石川 自分的にはいい年でした。日本オープンとZOZO(チャンピオンシップ)が一番よかった。そもそも調子はよかったんですけど、調子がよくても成績につながらないことのある世界なので、いいゴルフができて、成績としても残すことができたのはよかったなあと思います。自分のピークってコントロールできないものですよ。ただ、いつ噛み合ってもいいように、準備は常にしておきたいんです。
――昨年、最後まで優勝争いをし、ギャラリーを引き連れ皆をドキドキさせてくれた日本オープン。振り返ってみると?

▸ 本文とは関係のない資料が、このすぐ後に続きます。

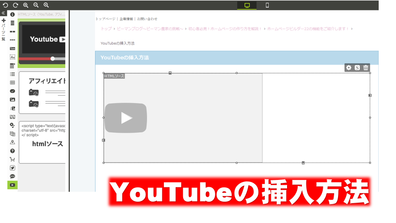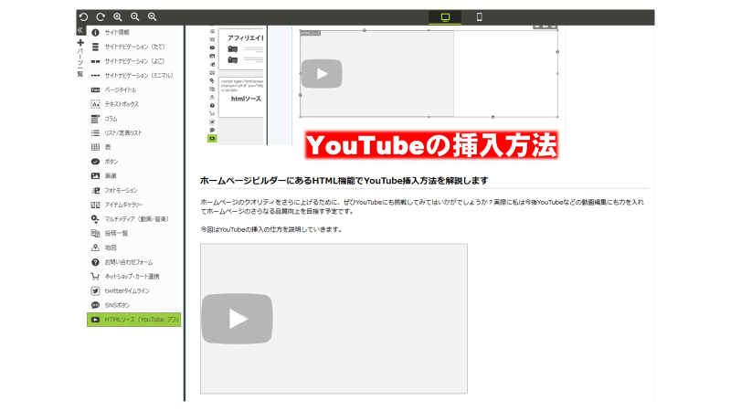 ホームページビルダーにあるHTML機能でYouTube挿入方法を解説します

石川 あのときはドライバーが課題でした。精度というよりは、そのホールに対してのイメージの出し方だったり。ドライバーは毎回平らなところ、いい状況から打てる唯一のクラブなので、練習していることが一番出せるクラブ。そこに集中して向き合っていこうという感じでやっていました。
「曲がる確率が高い打ち方をしていた」
――石川遼は、“ここぞ”のショットで結果を残す。若い頃は「怖いものなしで攻める」印象があった。

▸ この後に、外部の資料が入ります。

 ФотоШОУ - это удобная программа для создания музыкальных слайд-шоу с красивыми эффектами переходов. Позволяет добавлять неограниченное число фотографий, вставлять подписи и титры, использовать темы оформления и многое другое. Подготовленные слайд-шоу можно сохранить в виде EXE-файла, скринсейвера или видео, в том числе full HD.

プロの年月を重ねると怖さは出るのだろうか。心に変化はあるのか。
石川 それとの闘いはあります。でもそこを乗り越えていくほうが強くなれると思う。怖いもの知らずの時期は誰にでも絶対にある。それが10代か20代か。僕も今の若い選手たちを見ていて思うこともあるし。僕が出てきたとき「遼は怖いもの知らずだなあ」と結構言われましたけど、「先輩にもその時期があったでしょう」と。僕は、その時期をポジティブにもネガティブにもとらえていなくて、皆が通る道だと思っています。怖いものを知ってしまう瞬間は誰しも訪れる。特にゴルフって選手生命が長いので。でも、それは終わりではないし、むしろそこから、だと思うんですよね。プロに限らずアマチュアの方も、怖いとか失敗したらどうしようと思う瞬間は皆絶対にあると思うんですけど、それがゴルフの醍醐味だよね、とも言いたいですね。

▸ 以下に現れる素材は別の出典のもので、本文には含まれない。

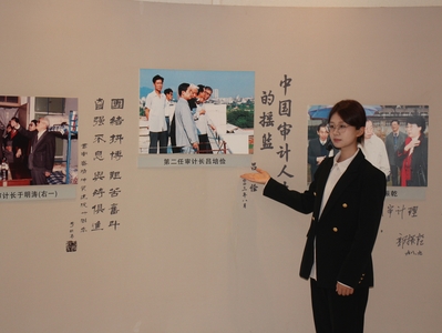 我负责近现代展区与二楼的讲解。在近现代展区,我重点介绍了中国审计制度从民国时期到新时代的演进脉络。侯凯审计长特别驻足于审计署成立后审计体系重建的展板前,补充了许多关键细节。阿卜杜拉耶夫院长则对中国新时代的审计制度表现出浓厚兴趣,与侯凯先生交流他对新时代审计的看法。那一刻,我清晰感受到:审计不仅是账册上的数字,更是国家治理现代化的缩影,而中国近现代审计史正是这种变革的见证。

――石川にも、怖いものを知った時期があるのだと聞き、少し安心もしてしまう。それは、具体的にいつだったのだろうか。
石川 打つ前に自分をネガティブな感情が襲うことは、20代前半にはもうあったので。実年齢ではなくて、プロになって4、5年というところは結構大事。皆1回目が来る感じはします。1、2年目、特に1年目はガンガン行くのもいろいろな選手に共通していること。ただし、怖いものを全部スルーしていく人が世界でほんの一握りはいるんじゃないかなって思います。世界の上位でやっている人たちは、そのタイミングがめっちゃ遅いですよね。周りの人が「あいつ怖いものがないのかな」と思わされる時期が長い。もちろん、本人のなかではいろいろなプレッシャーと闘っていると思いますよ。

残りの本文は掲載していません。